You'll have to go in each day to get to the manager.

The online process will work once you're approved.

It may work before that, but if you do it online, you've never made a personal contact with the manager.

Get your butt in there, show some determination.

Don't just leave the impression of your business on the sheet of a FLAT piece of paper.

That's how I got mine.


----------



## windrowsnow

i called one of the walmarts yesterday to ask if they were taking bids. the manager wasnt the nicest guy ive ever dealt with. but they take bids in two weeks. if you dont have teh means to do it dont bother......not one flake of snow in front of the store.


----------



## powerjoke

you lazy bunch of S.O.B's get youre ass in there and talk to them, and i don't mean over the phone! 

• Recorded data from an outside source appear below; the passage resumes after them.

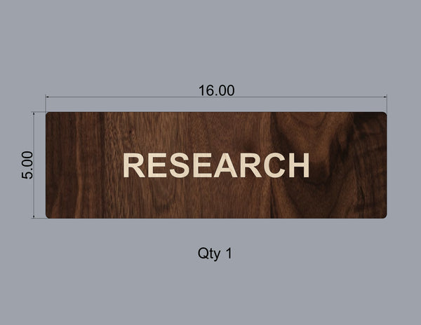 Custom Order 047 - CareDesk (Aprille V.) - Research Sign - 1 Qty. - 16'' x 5'' - Dark Walnut + Maple Veneer - Client #190014
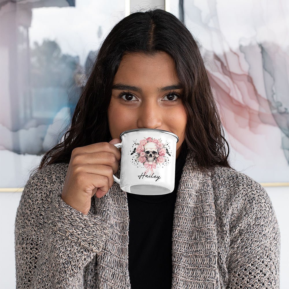 Esta taza esmaltada es ideal para los amantes de las calaveras y los entusiastas de Halloween, y es un regalo fantástico para cualquier ocasión. Ya sea para cumpleaños, vacaciones o simplemente porque sí, es un regalo que seguro que te encantará.
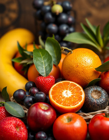 The display features an abundant assortment of fresh fruits, showing a vivid array of colors. Bright oranges, purple deeps, and lush greens harmonize together, creating an enticing and inviting natural scene. This captivating arrangement highlights the freshness and variety of nature's bounty, perfect for any health-conscious individual.
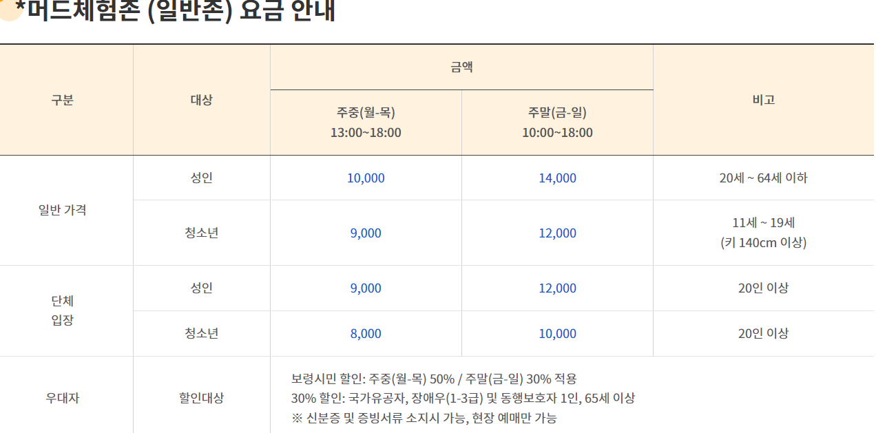 축제 기간동안 입장료는 무료이지만 머드체험존은 사전 예약이 필요합니다.
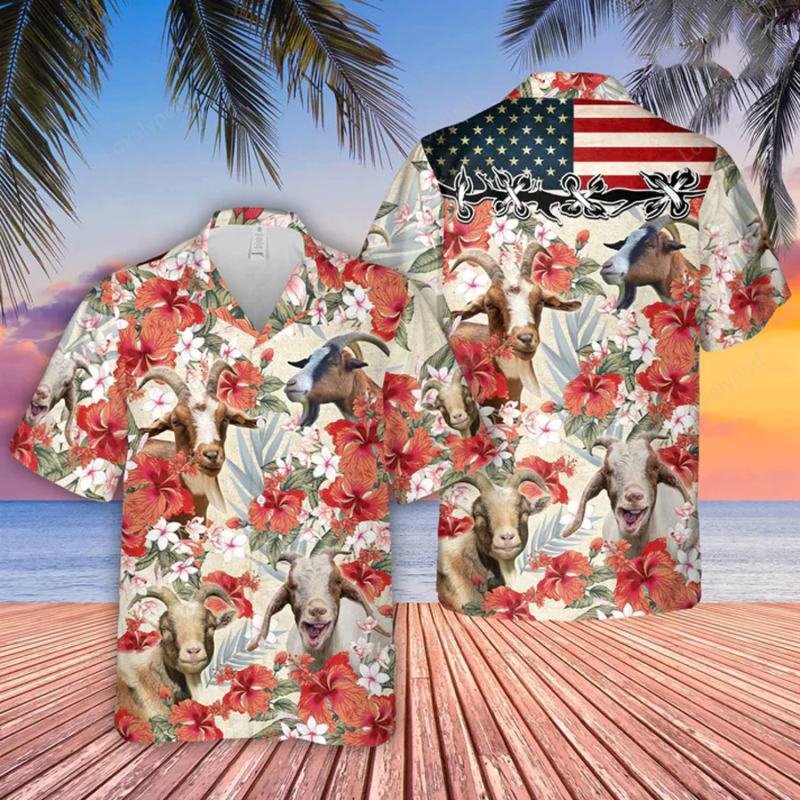 Goat Hibicus Floral Us Flag 3D Hawaiian Shirt, Summer aloha shirt Men and women
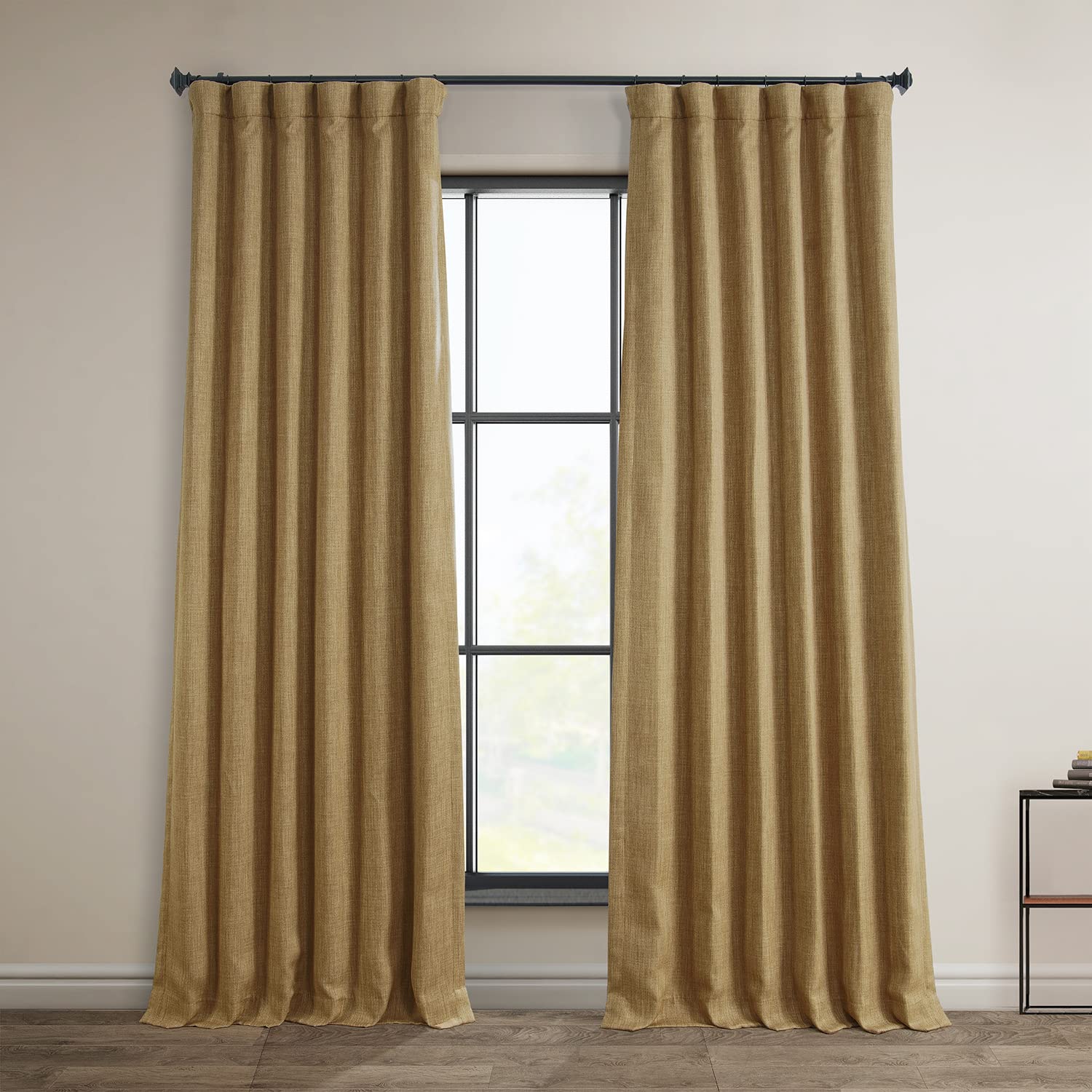 HPD Half Price Drapes Faux Linen Room Darkening Curtains - 108 Inches Long 50 X 108 - Butterscotch
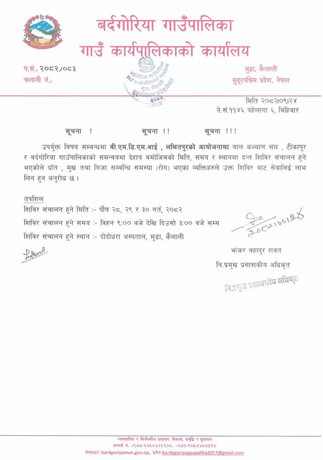 » दन्त शिविर संचालन हुने सम्बन्धी सूचना ।
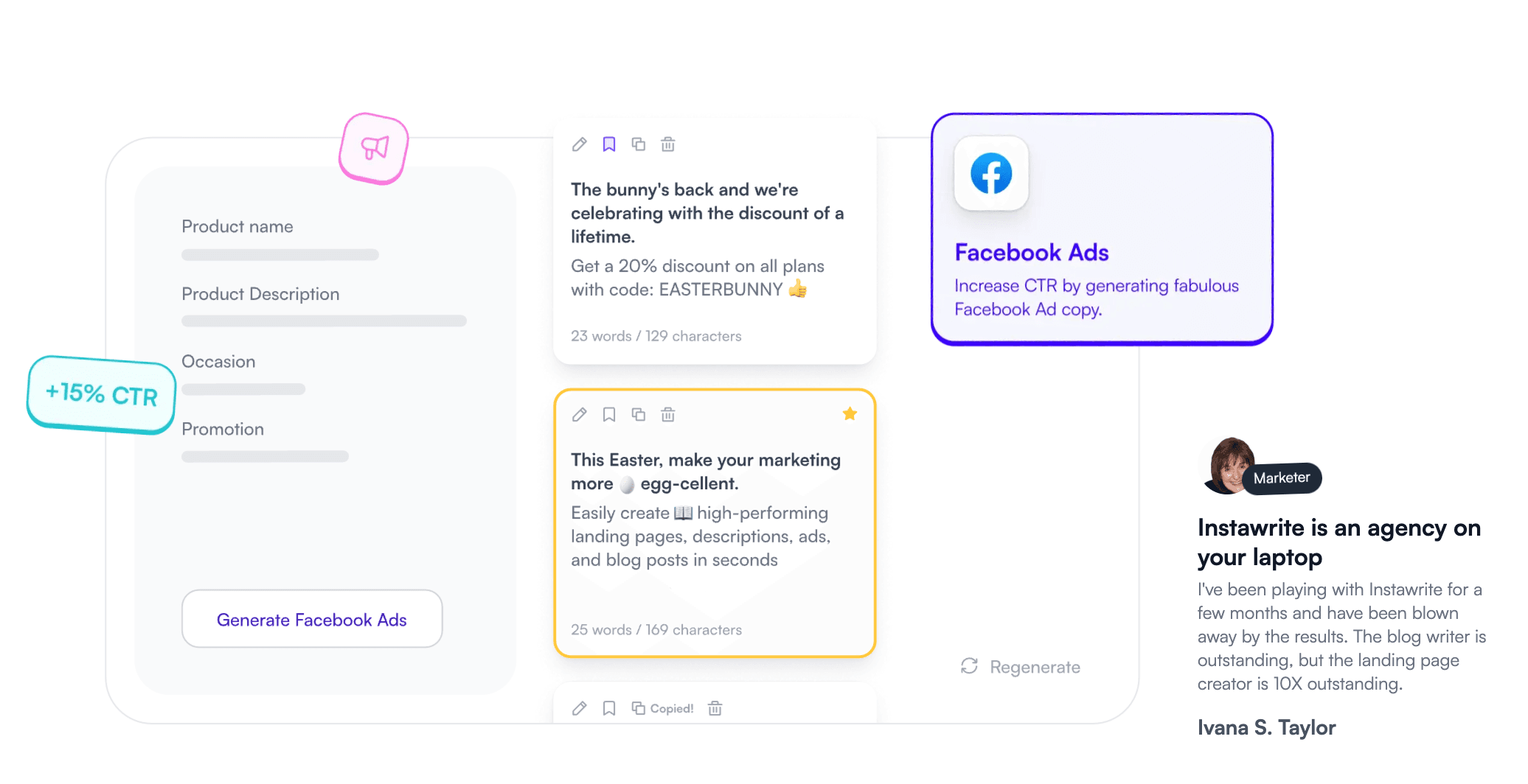 I'm constantly doing A/B tests. Instawrite allows me to create the B version in seconds or minutes, but not hours, which allows me to run so many more tests than I otherwise could. It's creating high converting copy. I absolutely love it.
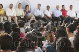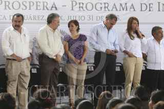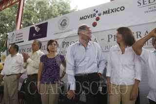 OAXACA, OAXACA, 31JULIO2015.- La secretaria de Desarrollo Social, Rosario Robles realizó una gira de trabajo por la entidad, sin embargo en la agencia municipal de 5 Señores, un grupo de agentes municipales protestaron previo y durante el evento, por lo que la funcionario federal se levantó de su lugar y les pidió bajar sus pancartas, ante la negativa de los manifestantes, bajó del templete y dialogó con ellos. Los agentes se quejaron del delegado de Prospera, Jorge Zárate y del director de Liconsa, Héctor Pablo Ramírez Puga, quienes aseguran están más ocupados en hacer campaña que en brindar los apoyos necesarios. FOTO: ARTURO PÉREZ ALFONSO /CUARTOSCURO.COM
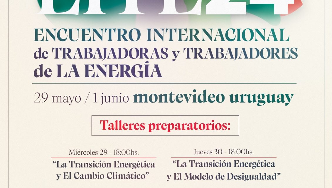 Del 29 de mayo al 1º de junio de 2024, Montevideo será sede del Encuentro Internacional de Trabajadores y Trabajadoras de la Energía.
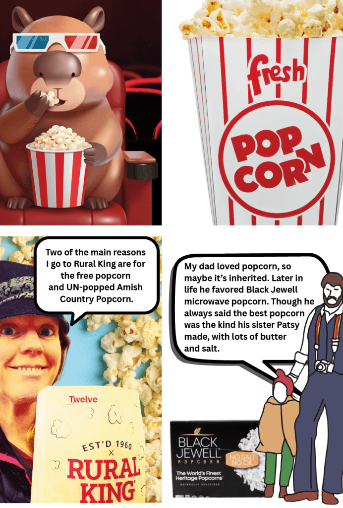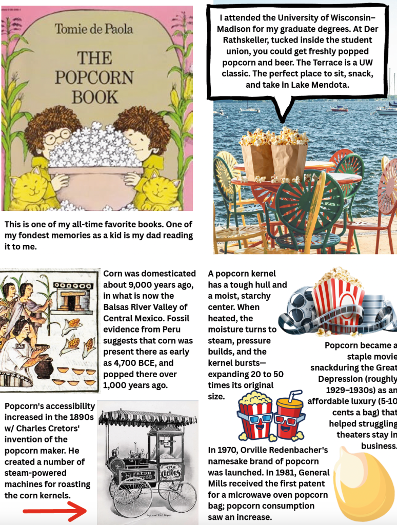 My name is Megan, and I love popcorn—it’s probably my favorite snack. I usually prefer it savory, but once in a while I make wicked amazing caramel corn. It’s mostly butter and sugar, so moderation is wise… though the buttery crunch makes that hard. I hope you enjoy this zine and learn a little about popcorn, its history, and my relationship with this sweet & salty snack.
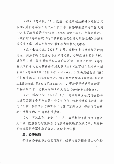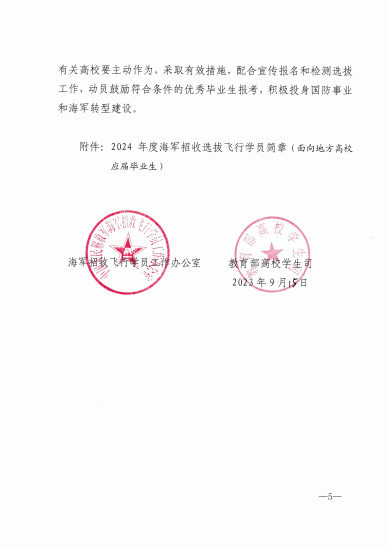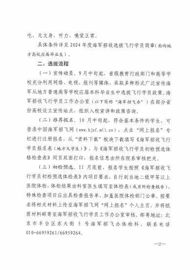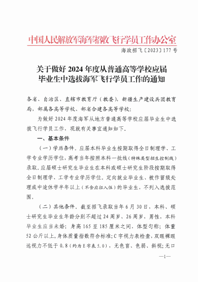 关于做好2024年度从普通高等学校应届毕业生选拔海军飞行员工作的通知
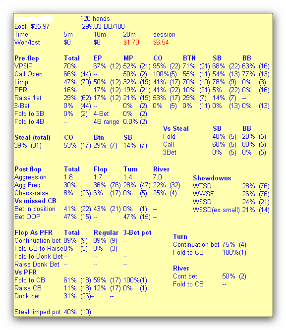 Если отталкиваться от его показателей рейз кбета, агрессиии, WWSF это инста фолд. Оппонент не выглядит мувером и очень пассивен. Тут уже нужны нотсы, способен ли он так играть с слабым тузом. Тот факт, что он мало выигрывает на вскрытии не означает, что он это делает когда рейзит кого либо.
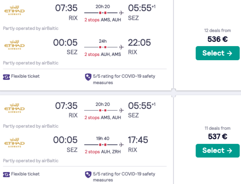 Etihad koostöös airBalticuga pakuvad hetkel väga hea hinnaga lennupileteid Seišellidele. Edasi-tagasi lennupiletid algusega Riiast on saadaval alates 536€ eest ja soodsa hinnaga lennupileteid leiab jaanuarist kuni märtsini. Hinnas sisaldub ka äraantav pagas kaaluga kuni 23kg. Parima hinnaga lennupiletid leiad üles läbi Skyscanneri või kliki allolevatel näidiskuupäevadel.
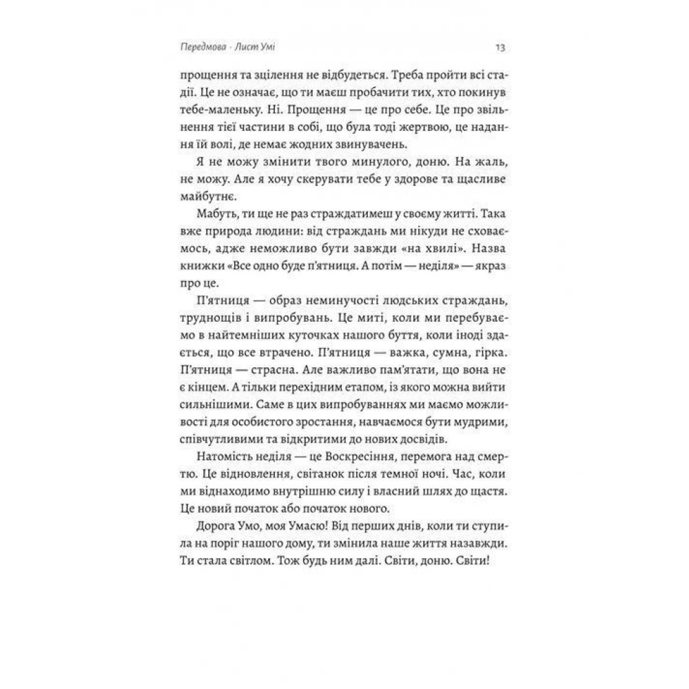 «Чи можливо полюбити чужу дитину, як свою кровну?», «Що заважає на цій площині зійтись лініям?», «Чому в цьому місці є так багато страхів, стереотипів та упереджень, які не дають проявлятися чистій любові?», — книга «Все одно буде п’ятниця. А потім неділя» Ольги Бартиш пропонує дослідження почуттів звичайної жінки, яка одного разу захотіла допомогти дитині, світові і в першу чергу собі, а не якусь типову розповідь про досвід усиновлення і тим більше не інструкція як діяти, якщо було вирішено відкрити свій дім для дитини.
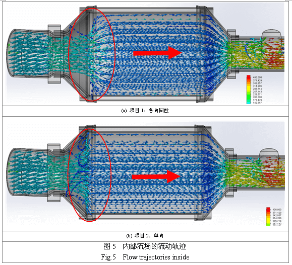圖5是用“流動軌跡”的方式直觀地顯示內部流體速度場分布,從圖中顏色可看出流體的速度,而箭頭表示出流體的運動軌跡,Flow Simulation還可以做出動畫,能更直觀模擬出流體從進到出的整個動態過程。項目1和項目2氣體流動區別,詳見圖5中紅圈位置所示:(1)項目1:氣流首先直接從催化體端面的中部進入,然后再在催化體內向周邊擴散,但總體仍是沿軸向(紅箭頭方向)流動;(2)項目2:氣體在流進入催化體前被強制分流各個位置再進入催化體內的獨立流道,已進入催化體的氣體可一直保持均勻流動,這與實際情況非常吻合的。氣流從兩種催化體流出后的狀態幾乎一致,沒有太大差別。
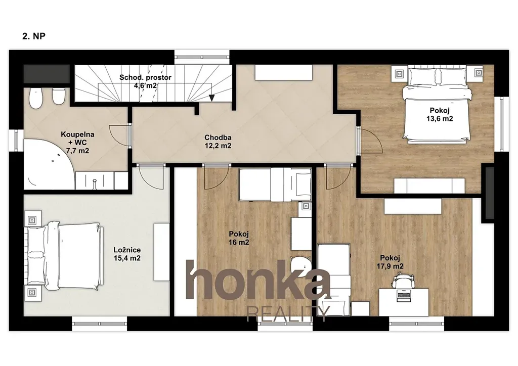 1. patro: tři pokoje, ložnice, koupelna s WC
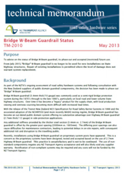 From July 2013, bridge W-beam guardrail is no longer to be used for new installations on state highway structures. Repair of existing installations is permitted where the level of damage does not warrant system replacement.
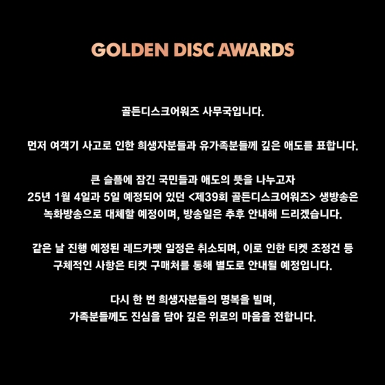 31일 골든디스크어워즈 사무국은 "먼저 여객기 사고로 인한 희생자분들과 유가족분들께 깊은 애도를 표합니다"라며 "큰 슬픔에 잠긴 국민들과 애도의 뜻을 나누고자 25년 1월 4일과 5일 예정되어 있던 '제39회 골든디스크어워즈' 생방송은 녹화방송으로 대체할 예정이며, 방송일은 추후 안내해 드리겠습니다"라고 밝혔다.
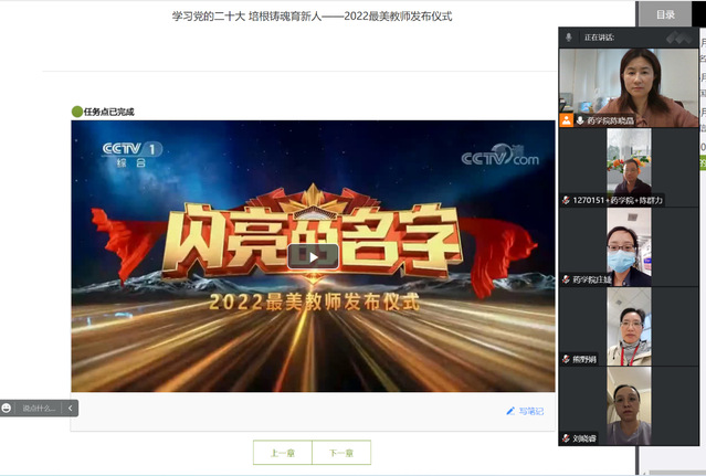 10月师德师风学习网上观看内容为“最美教师发布仪式”,全院师生均已完成网上学习。看了2022年最美教师颁奖仪式,各位全国优秀教育工作者的光荣事迹,感动了每一位观众,更让公司老师深切感受到肩上的责任。郑州大学马克思主义公司的周荣方老师,她的思政课打动人心,那些温暖、感动化作力量,像种子一样埋在员工心里,向下扎根,向上生长。航天员王亚平。其实准确说她不算教师,只是王亚平作为非在职教师,通过学习,能把自己的所学自己的特长,给全国乃至全世界人民,在太空授课,不仅仅是空间物理知识的传授,更多传播着中国文化,中国的科技力量。这是一种榜样的力量,更肩负着为国育才的使命。天津职业大学机械工程实训中心主任李建国以匠心守望初心,用师道传承大道,为职业教育与时代的发展写下为师者的华章。要学习李老师踏实肯干的精神,在指导员工实验时,首先自己要对实验的细节非常熟悉,对操作中可能出现的情况要有更全面的认识。特殊教育公司的蒙芳老师,她说的那一句话,迟开的花朵永远会绽放,折翼的天使再慢也能够行走。她用热情和孤勇成就了十几个乡镇特殊儿童的未来。当老师把一颗真诚的心交给员工,公正地对待每一个员工,公平地把爱和温暖送给每一个员工时,员工的心定会融化在师爱中,在学习生活中找到快乐,愉快地接受教育。

wal-mart dosent own any of thier stores they are all built by someone and rented to them so do you re homework. and figure out who ownes the one you want to work at. 

off my rant' lol

PJ


----------



## cretebaby

powerjoke;587114 said:


> you lazy bunch of S.O.B's get youre ass in there and talk to them, and i don't mean over the phone!
> 
> wal-mart dosent own any of thier stores they are all built by someone and rented to them so do you re homework. and figure out who ownes the one you want to work at.
> 
> off my rant' lol
> 
> PJ


the walmarts around here are owned by walmart or at least a walmart entity and the managers compile bids


----------



## LwnmwrMan22

powerjoke;587114 said:


> you lazy bunch of S.O.B's get youre ass in there and talk to them, and i don't mean over the phone!
> 
> wal-mart dosent own any of thier stores they are all built by someone and rented to them so do you re homework. and figure out who ownes the one you want to work at.
> 
> off my rant' lol
> 
> PJ


uhhhhh... for what it's worth, the Wal-Marts here are owned by Wal-Mart. I don't think I've ever seen one that wasn't, unless it was attached to a strip mall or other development.


----------



## cretebaby

companies the size of walmart typically dont rent

why would they make someone else rich by renting from them


----------



## windrowsnow

lol walmart doesnt like to pay there employees good wages...so really why would they pay to rent? i know the dollar generals around here rent there buildings


----------



## cretebaby

the dollar generals here dont rent either


----------



## JD Dave

cretebaby;587118 said:


> companies the size of walmart typically dont rent
> 
> why would they make someone else rich by renting from them


All the Walmarts around here rent and I know that for sure and just because Walmart is tendering out snow, doesn't mean they own the land the building is sitting on, they might just have a 25 year lease on it and be responsible for their own maintenance.


----------



## cretebaby

i guess that its really irrevalent wether they own or not if they are a stand alone store chances are good they are responsable for there own plowing


----------



## powerjoke

cretebaby;587118 said:


> companies the size of walmart typically dont rent
> 
> why would they make someone else rich by renting from them


Well Crete,....it is a TAX vehicle!



cretebaby;587224 said:


> i guess that its really irrevalent wether they own or not if they are a stand alone store chances are good they are responsable for there own plowing


i don't get it.......everyone know's so much more than me and then just as soon as JD agrees with me you all shut up? WTF?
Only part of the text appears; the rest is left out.